Why do so many large software centric programs fail in the Integration and Test ( I&T) phase? The answer is quite simple. When system hardware contained the majority of system functionality, System Engineering groups were manned by Electrical Engineers, mathematicians, and physicists whose job was to specify, design, build, and test specialty hardware cabinets that performed the system functions. With the advent of software intensive systems, the system engineering hardware design function was replaced by the software factory. System hardware is ordered from Cisco and Jupiter. System engineering no longer carried the load from beginning to end, so they abdicated the responsibility to integrate and test the system. By default, the integration and test function became the responsibility of the software engineer who was busy designing software and did not have the time, ability, or inclination to plan and execute successful system integration and test efforts.

The purpose of this paper is to address the system engineering abdication problem by presenting an I&T methodology that identifies the concept of “System Engineering dropped balls” and provides a solution for each dropped item. Individual organizations may wish to add or delete items from this list. The important part of this concepts is the recognition of the “dropped ball ” concept and the acceptance by the I&T community of the responsibility to solve the problem.

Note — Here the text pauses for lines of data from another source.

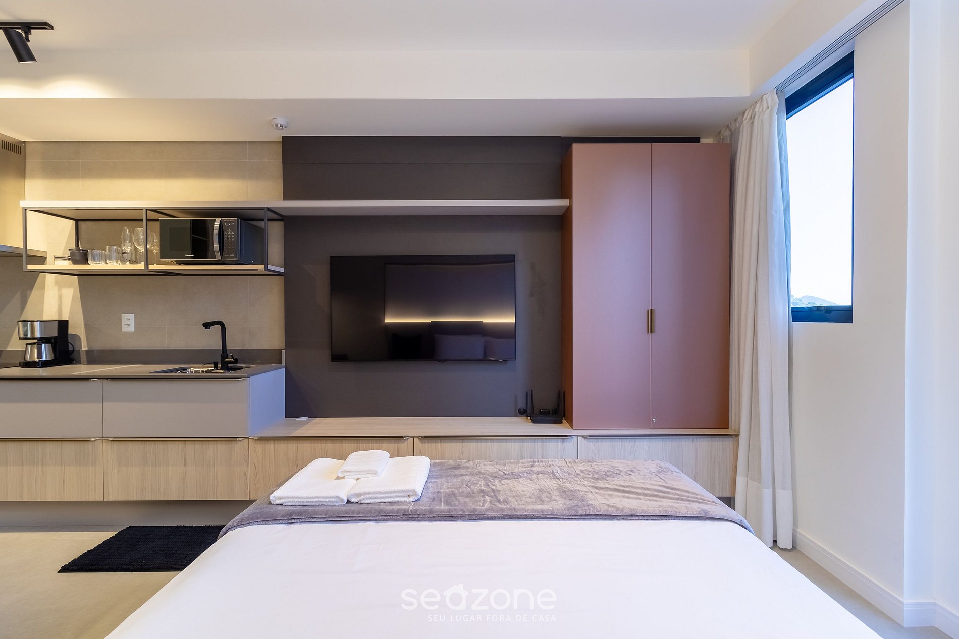 - Roupas de cama e banho de qualidade hoteleira (roupas de cama e toalhas extras são cobrados pela Seazone);
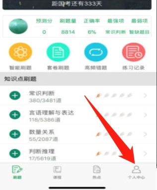 1、在手机上打开“小麦公考”App,进入主界面后,点击右下角的“个人中心”按钮,即可打开个人中心界面。
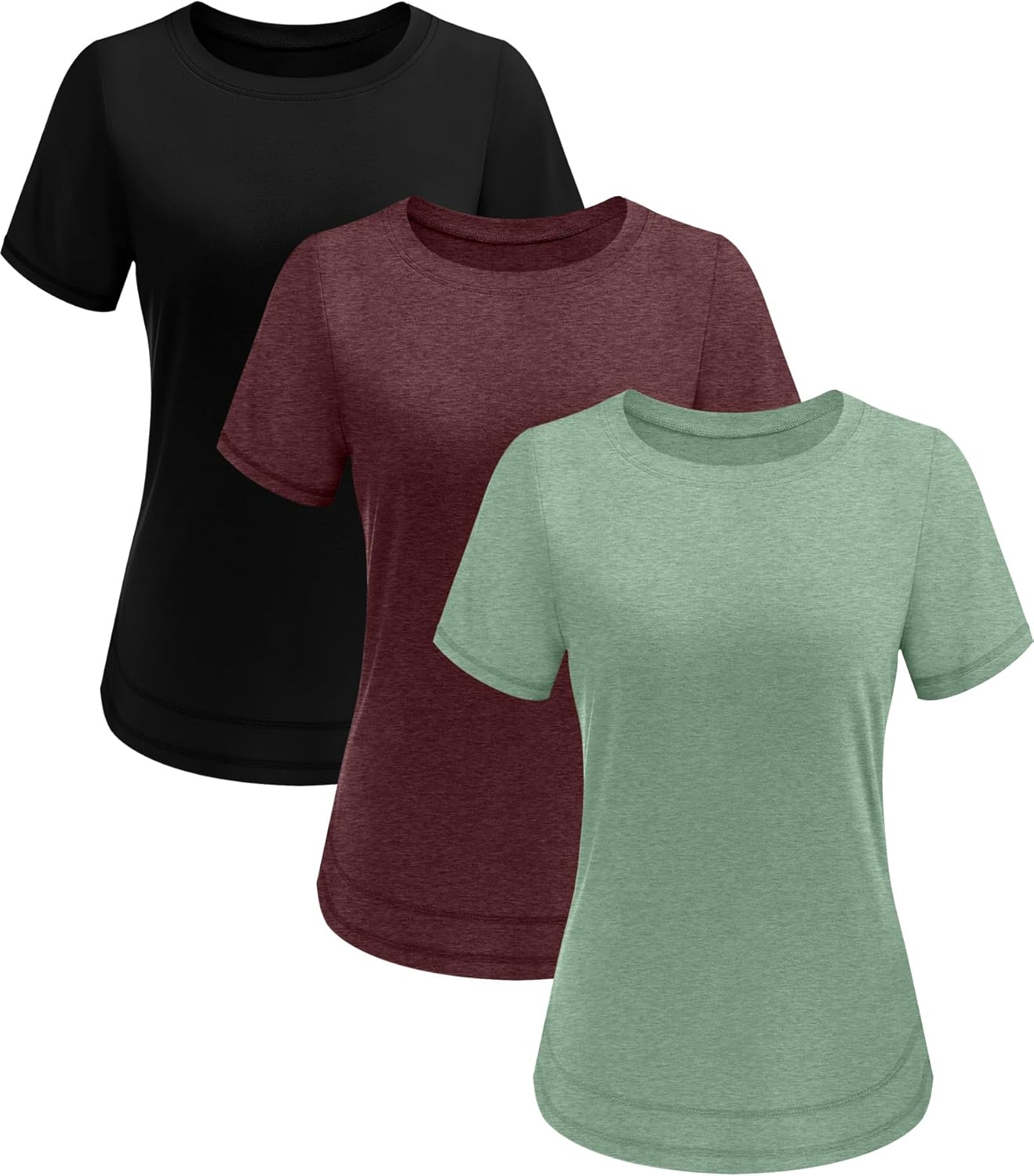 Ficerd 3 Pack Women’s Short Sleeve T-Shirts, Loose Fit Crew Neck Tunic Tops Casual Solid Basic Tee Shirts Curved Hem Blouses

The I&T group must assume responsibility for each of these solutions. They may be twenty or more in number. They are critical to the success of the I&T portion of the program and no one else will assume ownership. This says that the I&T group must act as an adjunct of system engineering. This does not say that the I&T group must execute the solution for each item. However, they must assume the responsibility for making certain that each item is accommodated somewhere in the program. The items under discussion are to be found in column 1 of the chart presented in Annex A. These items are discussed in detail in this document.

A Change in Culture is Required

One problem is that I&T is considered to be purely “T” in many organizations with the emphasis on test activities at the end of the program. I&T must be considered as an essential equal at the very outset of a program (e.g., in the bid/tender phases). If not, then it is highly likely that the program has been planned at a high-risk level. At the very best, a substandard system is delivered that is degraded and compromised. It is too late to consider I&T mid-program or later. By the time a realization is made that there is a problem, corrective action is usually futile or prohibitively expensive. A culture change is required for success in the I&T area.

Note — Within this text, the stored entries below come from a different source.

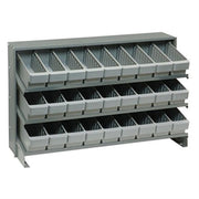 The shelving unit features a high-density sloped shelving system, designed for convenient access and efficient organization of stored items.
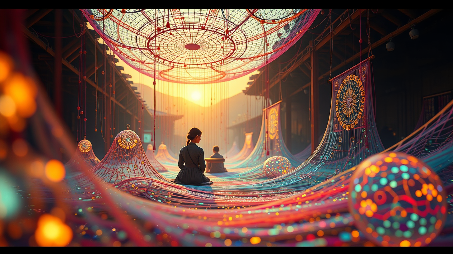 作图提示词:A futuristic quantum textile workshop at dawn, where traditional Miao embroidery techniques merge with advanced nanotechnology. Nanofibers autonomously weave intricate glowing patterns in the air, illuminated by soft morning light. The scene exudes a mysterious and serene atmosphere, captured from an aerial view. Vibrant colors with neon accents create an ethereal mood, framed in an ultrawide shot with balanced composition, shallow depth of field to highlight the glowing patterns, and warm golden-hour lighting enhancing the textile details.
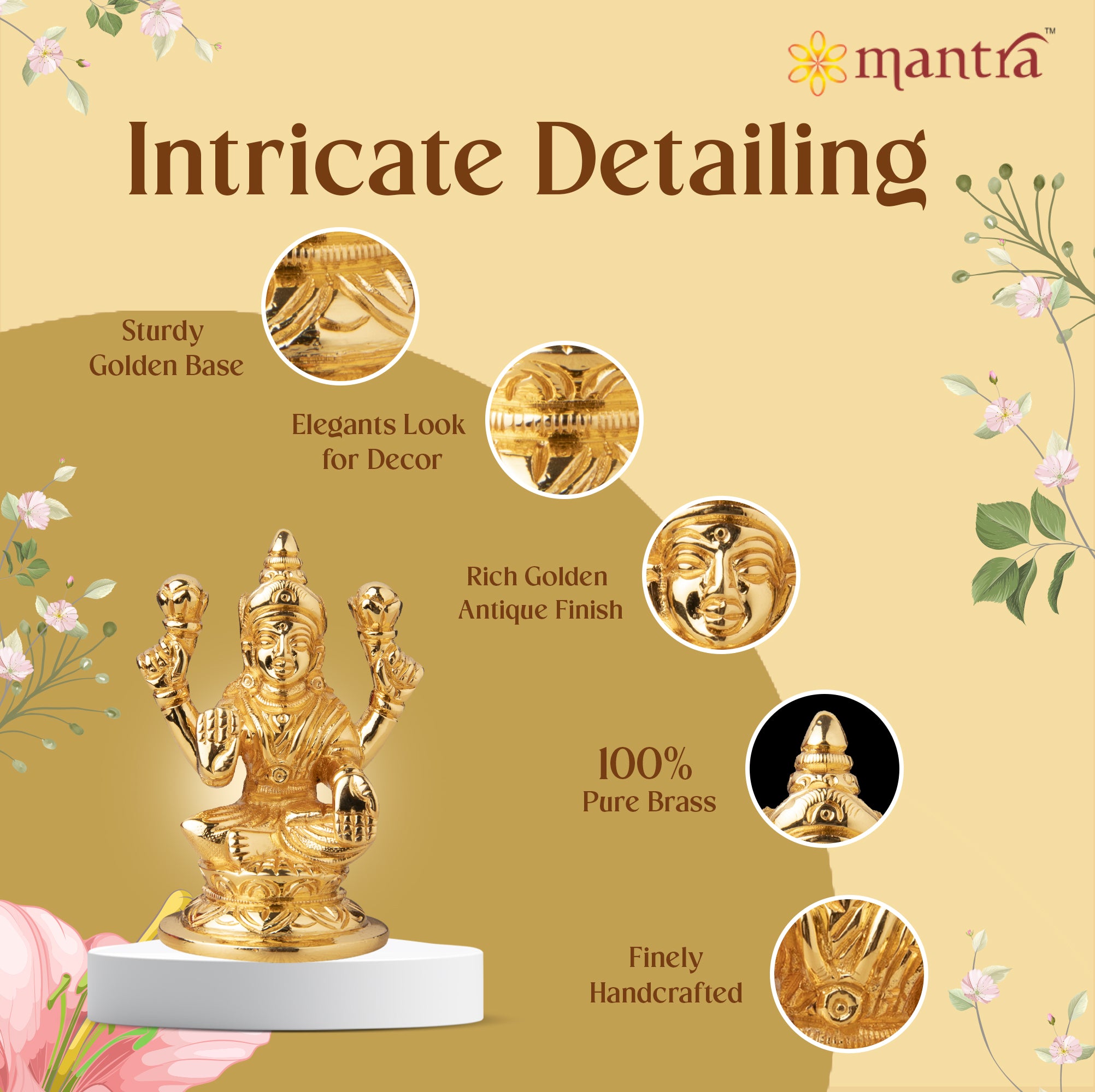 - PEACE & PROTECTION: Experience long lasting elegance and assured peace of mind with Mantra’s 1-year warranty for gold plating. Mantra’s lakshmi devi idol is made of solid brass metal coated with pure 24 carat gold.

A second problem arises in small programs. When you have a 10 person team for the entire program it is unlikely that a person is given the I&T responsibility at the beginning. A possible solution for the small program environment is to have a designated staff person responsible for making certain that all small programs have adequate I&T planning. That way the cost of I&T planning can be shared.

Let’s define what we mean by System Integration. “System Integration is a life of the program process that encapsulates all levels of elemental product fusion (physical, electrical, software). Integration planning begins at the time the system is conceived. Integration activity ends when the system has been successfully sold off. This process includes all activities (planning, design, tools, and schedules) necessary to ensure that the system is designed and developed such that the independently developed parts can be successfully fused during the first part of the System Integration phase. The system functions and requirements are then verified late in the System Integration phase. These same functions and requirements are then validated in the presence of the procuring agency during the System Test phase”.

Problems in the integration and test development cycle can never be eliminated. This is a natural part of the process and one that has to be accepted as inevitable at the outset. What can be managed is the likelihood of those problems establishing a critical mass that causes a program to fail. Successful programs are difficult to execute – even with well-established processes and mature organizations. It is impossible to establish the conditions for success where these processes do not exist or have not been afforded adequate consideration.

In order to alleviate the above predictions of failure due to negligence at the beginning of a program, a step-by-step Due Diligence process has been defined. This step-by-step process will aid the I&T engineer in planning for a successful I&T experience. The Due Diligence process is founded on the statement: the areas that are likely to be the major contributors to program failure (in the I&T phase) can be forecasted at the beginning of the program and preventative measures can be put into place at an early date. Some of these areas have characteristics that are unique to the specific program. The remainders are areas where programs traditionally get into serious trouble.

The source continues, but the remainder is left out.